September 09, 2018

Clean Code: Types

I recently revived my Clean Code tech talk which I put together a couple of years ago and with which I started this blog: Clean Code - Part 1 and Clean Code - Part 2. I took the opportunity to completely revamp the talk and ended up with 3 parts: Algorithms, Types, and State. The Algorithms is mostly covered by the Fibonacci post, so in this post we will talk about Types.

Mars Climate Orbiter

The Mars Climate Orbiter crashed and disintegrated in the Mars atmosphere because a component developed by Lockheed provided momentum measured in pound-force seconds, while another component developed by NASA expected momentum as Newton seconds.

We can image the component developed by NASA being something like this:

// Will not disintegrate as long as momentum >= 2 N s
void trajectory_correction(double momentum)
{
    if (momentum < 2 /* N s */)
    {
        disintegrate();
    }
    /* ... */
}

We can also imagine the Lockheed component calling into the above with:

void main()
{
    trajectory_correction(1.5 /* lbf s */);
}

A pound-force second (lbfs) is about 4.448222 Newton seconds (Ns). So from Lockheed's perspective, passing in 1.5 lbfs to trajectory_correction should be just fine: 1.5 lbfs is about 6.672333 Ns, way above the 2 Ns threshold.

The problem is the interpretation of the data. The NASA component ends up comparing lbfs to Ns without conversion, misinterpreting the lbfs input as Ns. Since 1.5 is less than 2, the orbiter disintegrates. This is a known anti-pattern called primitive obsession.

Primitive Obsession

Primitive obsession happens when we use a primitive data type to represent a value in the problem's domain and causes situations like the above. Representing zip codes as numbers, telephone numbers as strings, Ns and lbfs as double are all examples of this.

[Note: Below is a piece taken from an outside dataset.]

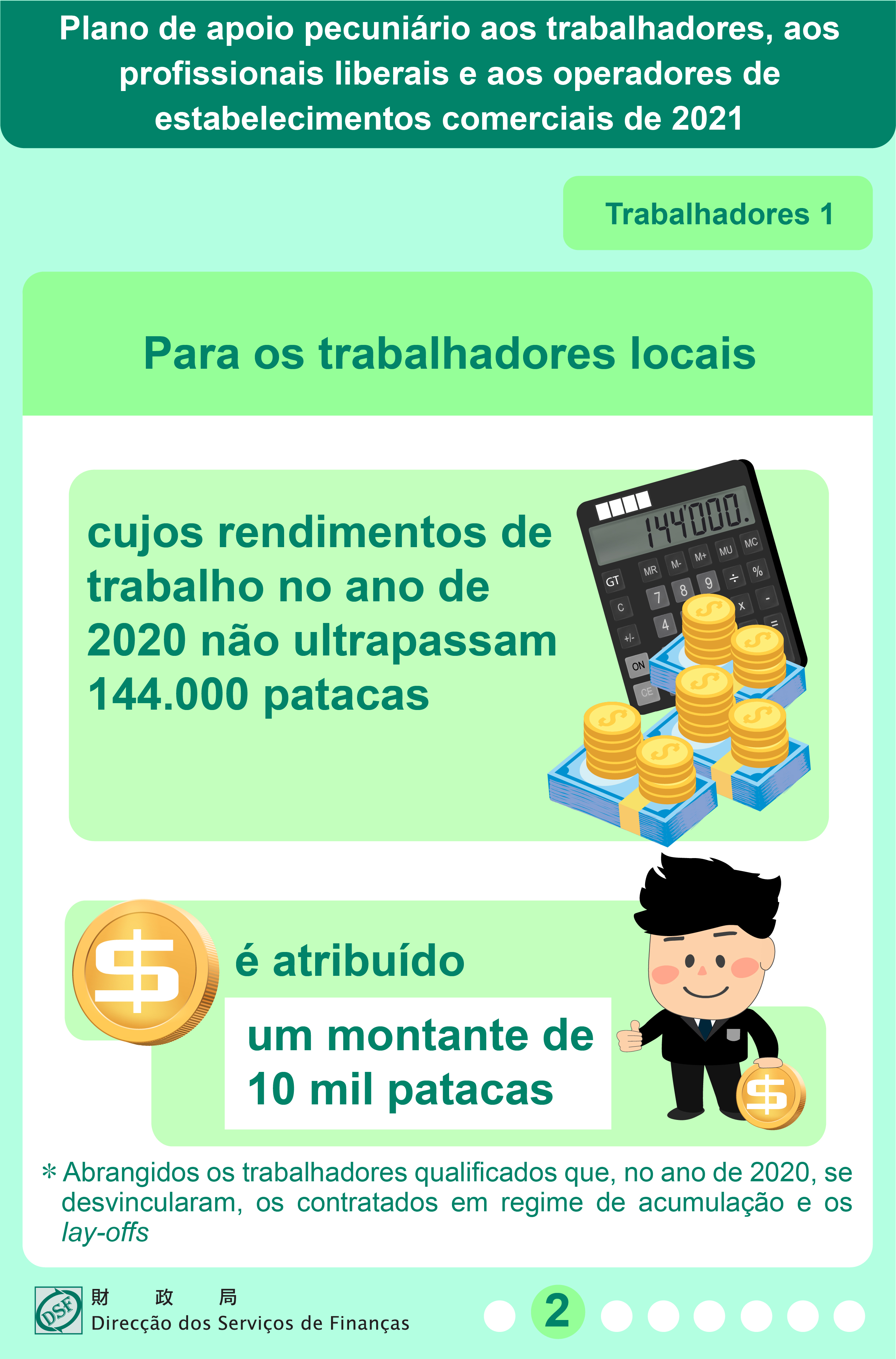 De acordo com o “plano de apoio”, aos trabalhadores locais, cuja receita laboral do exercício de 2020 não tenha superado 144.000 patacas, é atribuído 10.000 patacas por cada um deles, beneficiários estes que abrangem, ainda, os trabalhadores locais qualificados que no ano de 2020 se desvincularam, bem como os contratados em regime de acumulação e os lay-offs.

A more type safe solution would have defined a simple Ns type:

struct Ns
{
    double value;
};

bool operator<(const Ns& a, const Ns& b)
{
    return a.value < b.value;
}

We can similarly define a simple lbfs type:

struct lbfs
{
    double value;
};

bool operator<(const lbfs& a, const lbfs& b)
{
    return a.value < b.value;
}

Now we can implement a type safe trajectory_correction:

// Will not disintegrate as long as momentum >= 2 N s
void trajectory_correction(Ns momentum)
{
    if (momentum < Ns{ 2 })
    {
        disintegrate();
    }
    /* ... */
}

Calling this with lbfs as below fails to compile as the types are incompatible:

void main()
{
    trajectory_correction(lbfs{ 1.5 });
}

Note how the meaning of the values, which used to be specified in comments (2 /* Ns */, /* lbfs */) gets pulled into the type system and expressed in code (Ns{ 2 }, lbfs{ 1.5 }).

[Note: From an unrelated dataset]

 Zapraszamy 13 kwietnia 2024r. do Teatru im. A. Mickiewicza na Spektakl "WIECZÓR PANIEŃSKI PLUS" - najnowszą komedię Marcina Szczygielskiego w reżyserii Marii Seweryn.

We can, of course, provide casting from lbfs to Ns as an explicit operator:

struct lbfs
{
    double value;

    explicit operator Ns()
    {
        return value * 4.448222;
    }
};

Equipped with this, we can call trajectory_correction via a static cast:

void main()
{
    trajectory_correction(static_cast<Ns>(lbfs{ 1.5 }));
}

This does the right thing of multiplying by the ratio. The cast can also be made implicit (by using the implicit keyword instead), in which case it is applied automatically. As a rule of thumb, it's best to follow the Zen of Python:

Explicit is better than implicit

The moral of the story is that nowadays we have very sophisticated type checkers but we do need to provide them enough information to catch this type of errors. That information comes from declaring types to represent our problem domain. 1

State Space

Bad things happen when our programs end up in a bad state. Types help us narrow down the possibility of such bad states. One way to think about this is to look at types as sets of possible values. For example bool is the set {true, false} where a variable of the type can be one of the two values. Similarly, uint32_t is the set {0 ... 4294967295}. Looking at types like this, we can define the state space of our program as the product of the types of all live variables at a given point in time.

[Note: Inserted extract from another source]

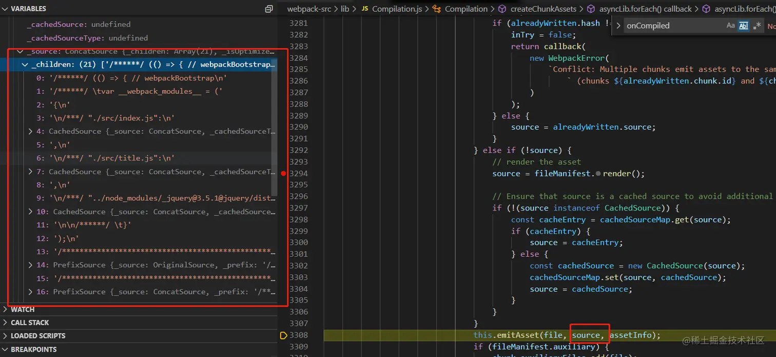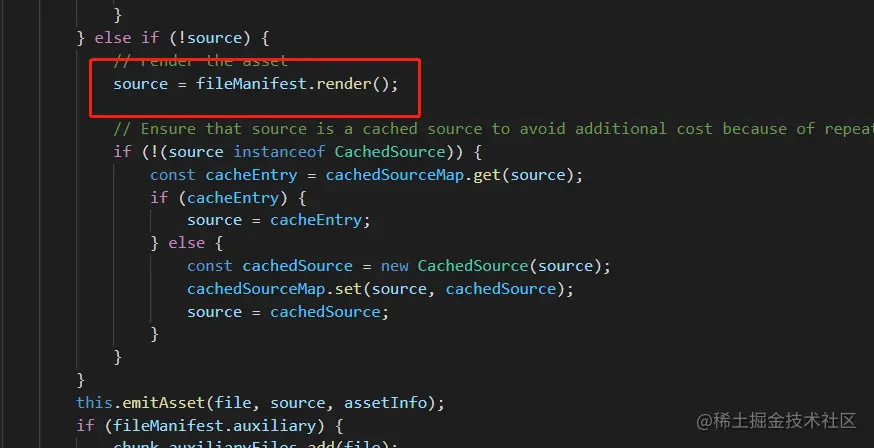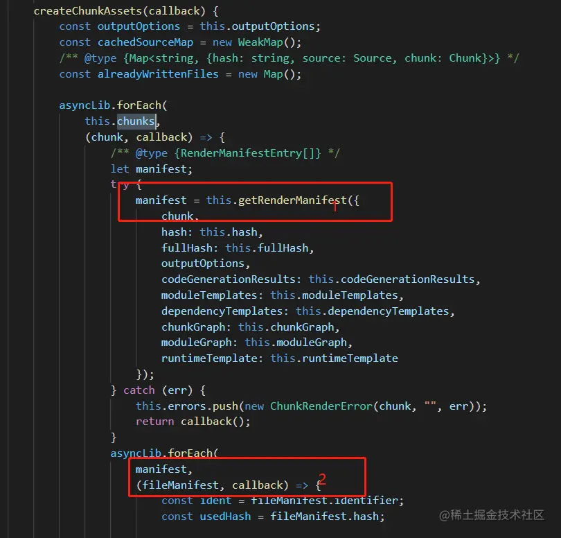 createChunkAssets方法遍历chunks生成manifest数组,每个数组元素上面都有render方法,下面遍历manifest,执行里面的render方法会拼接成我们打包输出的文件的source

If we have a bool and an uint32_t, our state space is {true, false} X {0 ... 4294967295}. This simply means that the two variables can be in any of their possible states and since we have two of them, our program can be in any of their combined states.

This gets more interesting when we look at functions that initialize values:

bool get_momentum(Ns& momentum)
{
    if (!some_condition()) return false;

    momentum = Ns{ 3 };

    return true;
}

In the above example we take a Ns by reference and initialize it if some condition is met. The function returns true if the value was properly initialized. If the function cannot, for whatever reason, set the value, it returns false.

Looking at this from the state space lens, our state space is the product bool X Ns. If the function returns true, then momentum was set and is in any one of the possible Ns values. The problem is that if the function returns false, then momentum was not set. It is still in any one of the possible Ns values, but it is not a valid value. Often times we have bugs where we accidentally propagate such invalid state:

void example()
{
    Ns momenum;

    get_momentum(momentum);

    trajectory_correction(momentum);
}

What we should have done instead is:

void example()
{
    Ns momentum;

    if (get_momentum(momentum))
    {
        trajectory_correction(momentum);
    }
}

There is a better way though, where this can be enforced:

std::optional<Ns> get_momentum()
{
    if (!some_condition()) return std::nullopt;

    return std::make_optional(Ns{ 3 });
}

Using an optional, this version of the function has a significantly smaller state space: instead of bool X Ns, we have Ns + 1. The function either returns a valid Ns value or nullopt to denote the absence of a value. Now it becomes impossible to have an invalid Ns that gets propagated throughout the system. We can also no longer forget to check the return value as an optional<Ns> is not implicitly convertible to an Ns - we need to explicitly unpack it:

void example()
{
    auto maybeMomentum = get_momentum();

    if (maybeMomentum)
    {
        trajectory_correction(*maybeMomentum);
    }
}

In general, we want our functions to return result or error not result and error. This way we eliminate the states in which we have an error but also an invalid result which might make its way in further computation.

From this point of view, throwing exceptions is OK as this follows the same pattern: a function either returns a result or throws an exception.

RAII

RAII stands for Resource Acquisition Is Initialization but has more to do with releasing resources. The name originated from C++ but the pattern can be implemented in any language (see, for example, .NET's IDisposable). RAII ensures automatic cleanup of resources.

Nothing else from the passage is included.